Work task
Retype the lines below exactly, but only those from the line that has "B1 > B3 > B5 |" through the line that has "Укороченная стёганая молодежная". Omit every picture.

Data provided
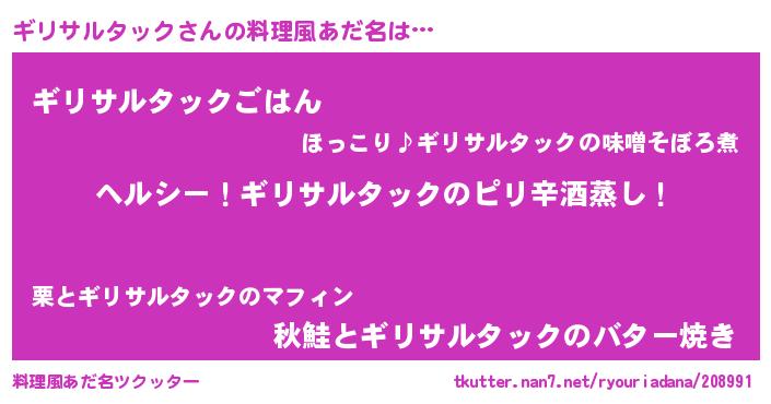 | 男性向けラノベタイトル風あだ名 | 『Re:ギリサルタックから始める異世界生活』 |
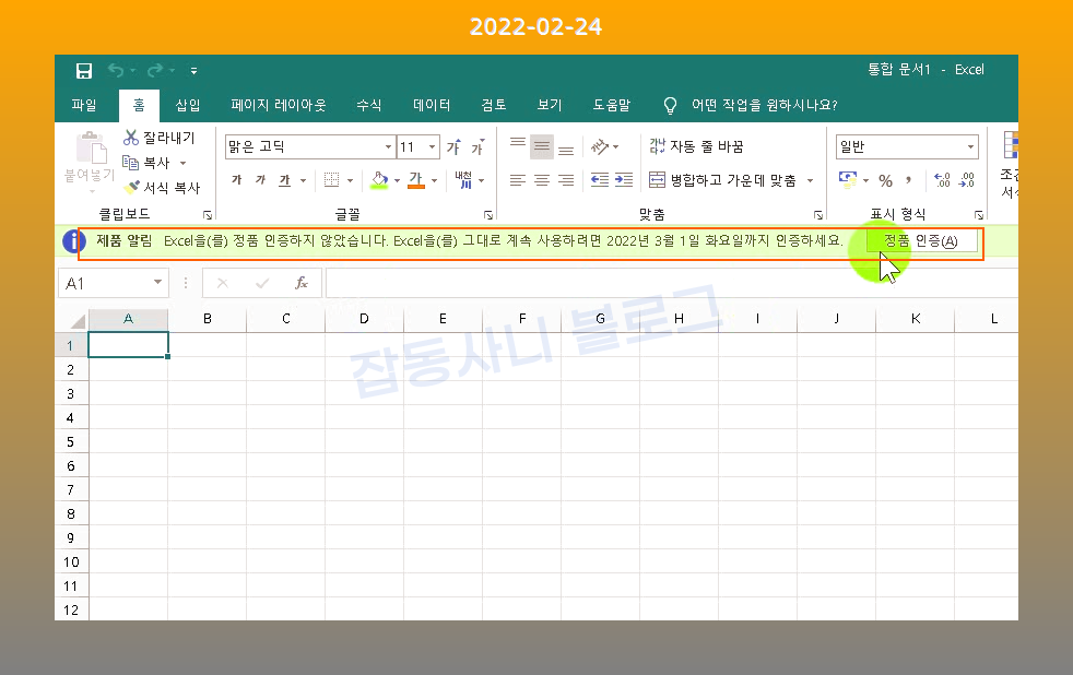 엑셀 문서를 열어보면 상단에 정품 인증 이라는 메세지가 나오네요.
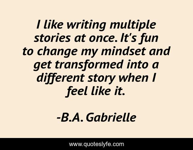 This page presents the quote "I like writing multiple stories at once. It's fun to change my mindset and get transformed into a different story when I feel like it.". Author of this quote is B.A. Gabrielle. .
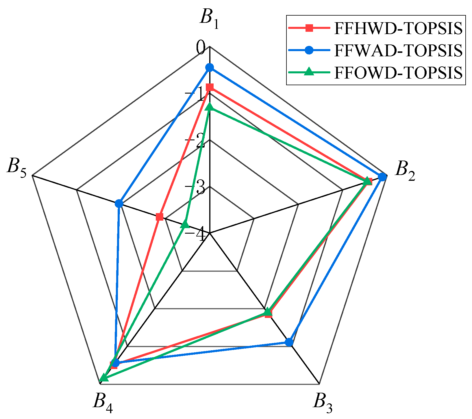 | FFHWD-TOPSIS | B2 > B4 > B1 > B3 > B5 |
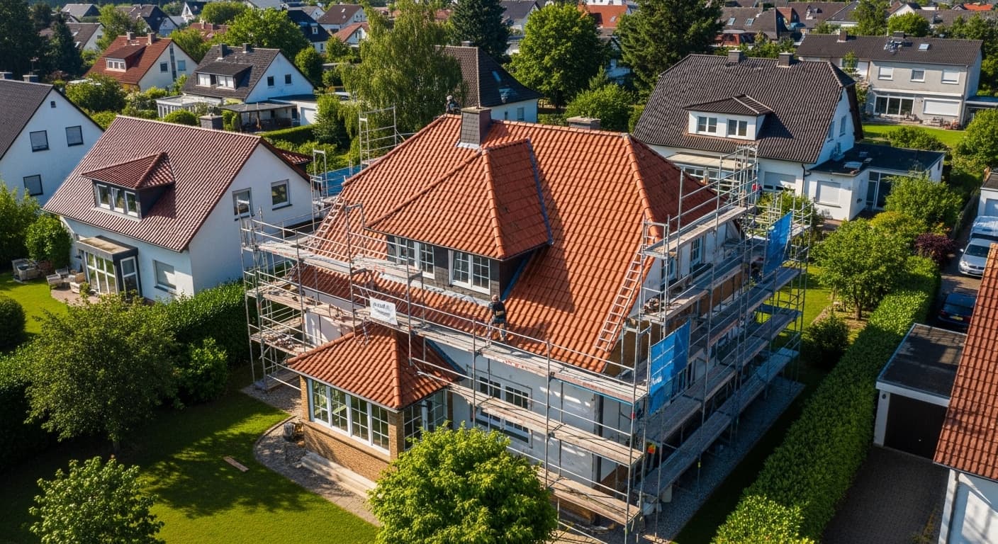 Die folgende Beispielrechnung basiert auf einem typischen Einfamilienhaus in NRW mit Satteldach. Die tatsächlichen Kosten variieren je nach Zustand und gewähltem Material.
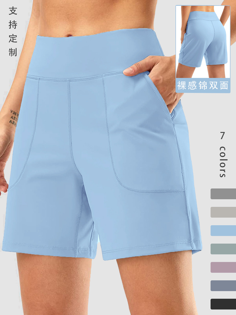 포켓 스포츠 반바지 여성 러닝 사이클링 피트니스 반바지 엉덩이 리프팅 하이 웨이스트 배꼽 컨트롤 요가 바지 탄성 꽉 반바지
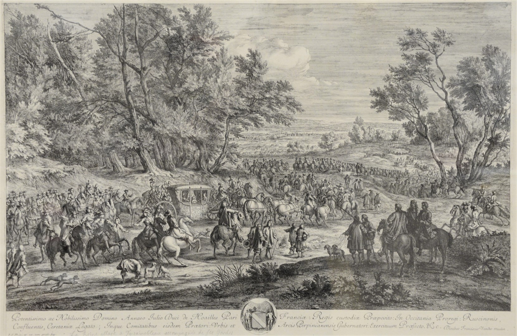 Lot 464: After Adam Frans van der Meulen (Flemish, 1632 – 1690), “La reine allant a Fontainebleau accompagnee de ses gardes”, copper plate engraving on paper, titled in pencil along the lower edge, inscribed in plate throughout the lower margin, image size 18 1/2″ x 30″.
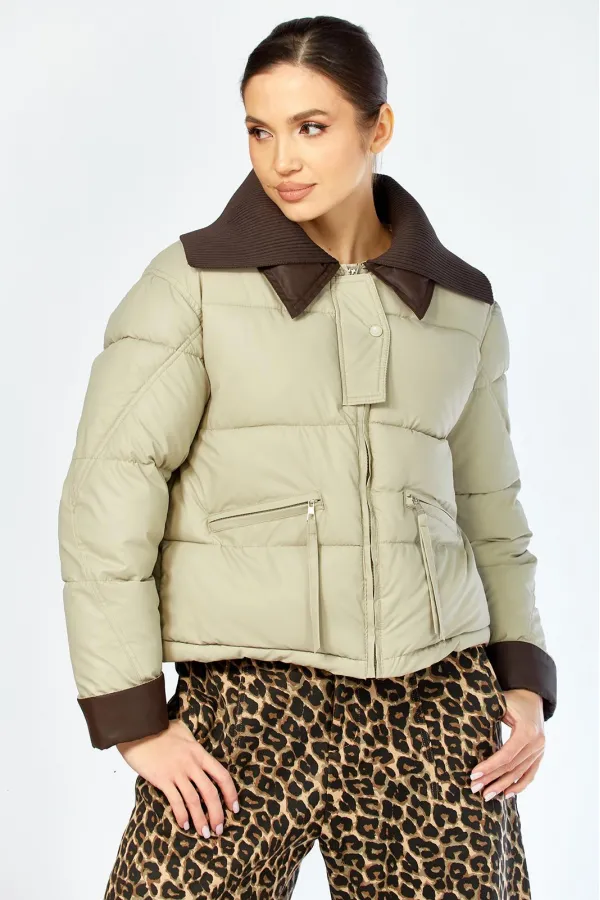 Укороченная стёганая молодежная куртка оверсайз силуэта создана для тех, кто ищет идеальный баланс между комфортом и стилем в прохладный сезон. Застежка центральная на молнии с планкой ,в верхней части, на кнопку. Прорезные карманы на молнии с декоративной подвеской в тон основной ткани позволят удобно разместить необходимые мелочи. Рукава втачные могут быть с отворотом и без. Воротник двойной, украшен трикотажным довязом контрастного цвета (не съемный).
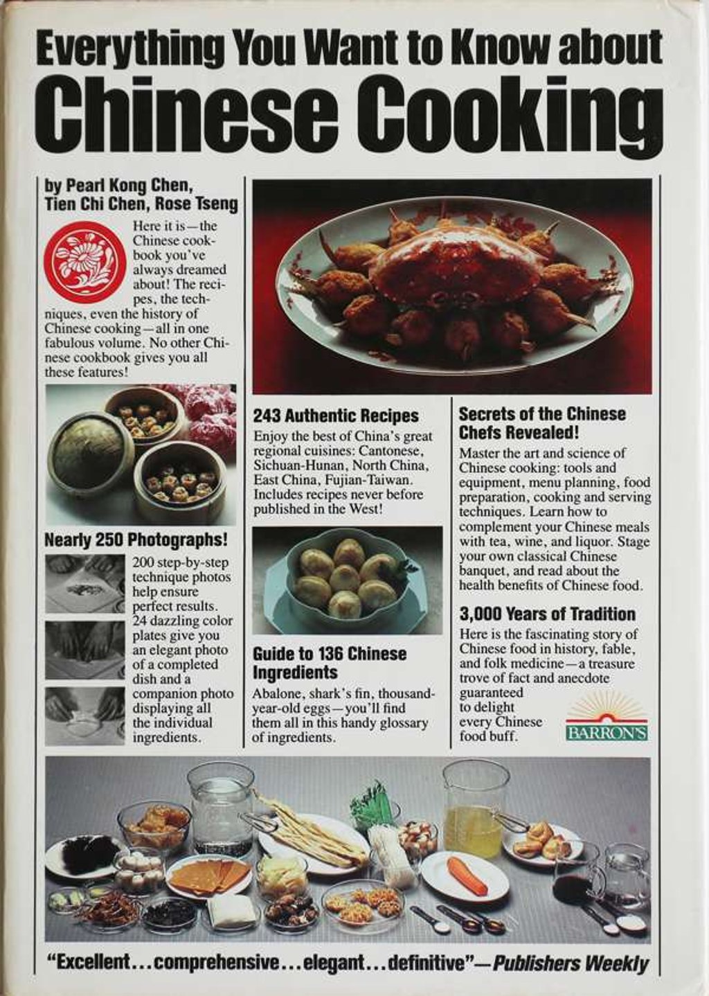 Pearl Kong Chen, who died in 2014, was considered one of the foremost authorities on Cantonese cuisine. In the introduction, the authors write: “The Chinese culture has been in existence for over ten thousand years. Chinese cookery has always been a special enjoyment to the Chinese people and serves to bind them together, keep them healthy and help them overcome calamities, natural or man-made. It is thus understandable that some Chinese may become so proud of their food as to think that Chinese cookery has long [since] reached perfection in total isolation, and is both unchanging and unchangeable. Serious scholarship disputes this extremist view.
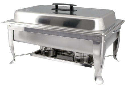 Winco C-1080 8 Quarts Chafer Rectangular with Folding Stand Polished Stainless Steel
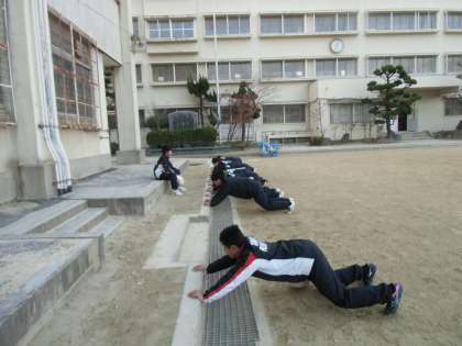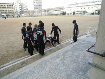 ラグビー部キャプテンが部員にがスクラムの姿勢を指導していました。
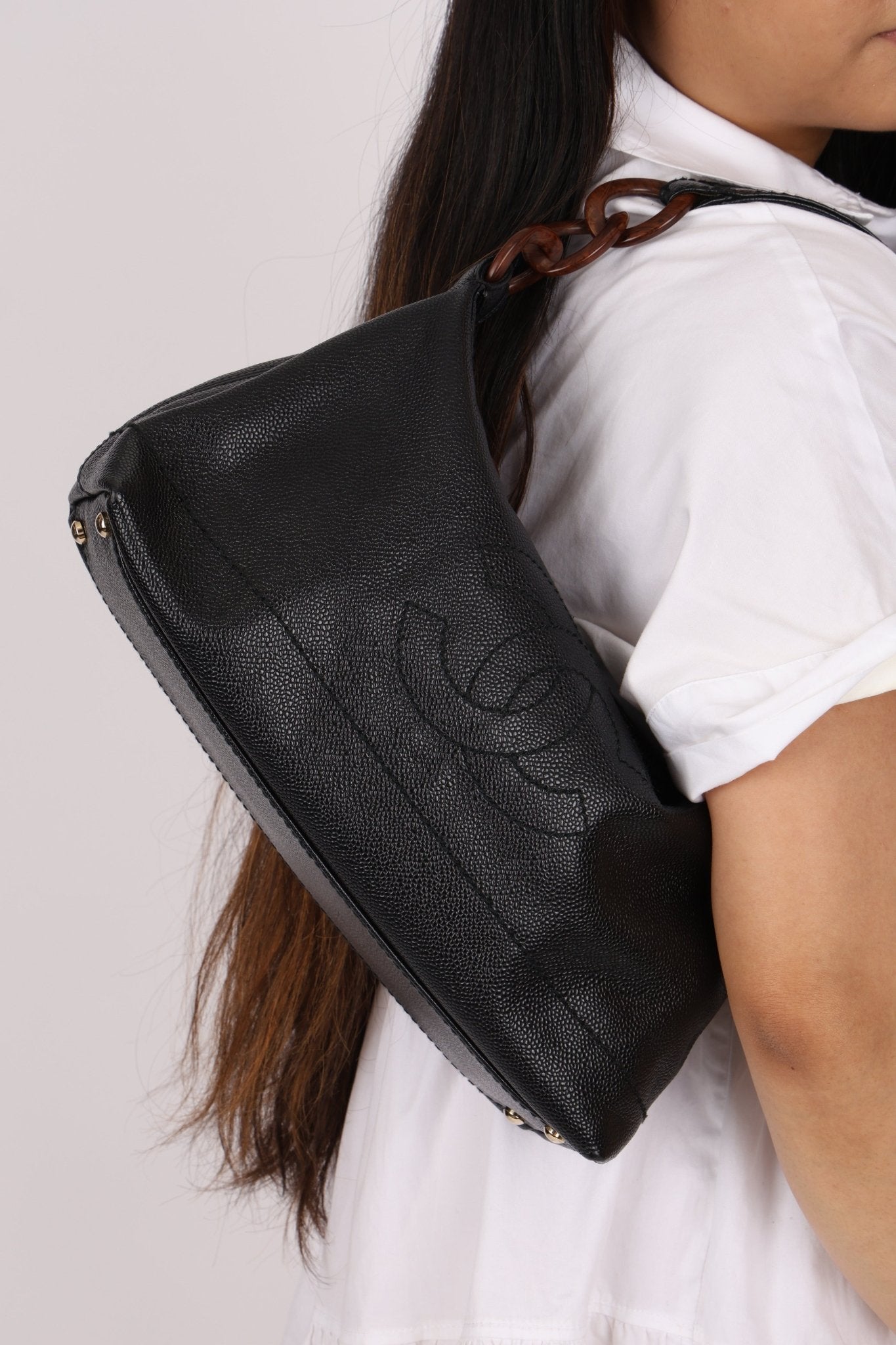 Chanel 2002 Caviar Acrylic Wood Chain Shoulder Bag - FashioNica

Output of the task
 | FFHWD-TOPSIS | B2 > B4 > B1 > B3 > B5 |
 Die folgende Beispielrechnung basiert auf einem typischen Einfamilienhaus in NRW mit Satteldach. Die tatsächlichen Kosten variieren je nach Zustand und gewähltem Material.
 포켓 스포츠 반바지 여성 러닝 사이클링 피트니스 반바지 엉덩이 리프팅 하이 웨이스트 배꼽 컨트롤 요가 바지 탄성 꽉 반바지
 Lot 464: After Adam Frans van der Meulen (Flemish, 1632 – 1690), “La reine allant a Fontainebleau accompagnee de ses gardes”, copper plate engraving on paper, titled in pencil along the lower edge, inscribed in plate throughout the lower margin, image size 18 1/2″ x 30″.
 Укороченная стёганая молодежная куртка оверсайз силуэта создана для тех, кто ищет идеальный баланс между комфортом и стилем в прохладный сезон. Застежка центральная на молнии с планкой ,в верхней части, на кнопку. Прорезные карманы на молнии с декоративной подвеской в тон основной ткани позволят удобно разместить необходимые мелочи. Рукава втачные могут быть с отворотом и без. Воротник двойной, украшен трикотажным довязом контрастного цвета (не съемный).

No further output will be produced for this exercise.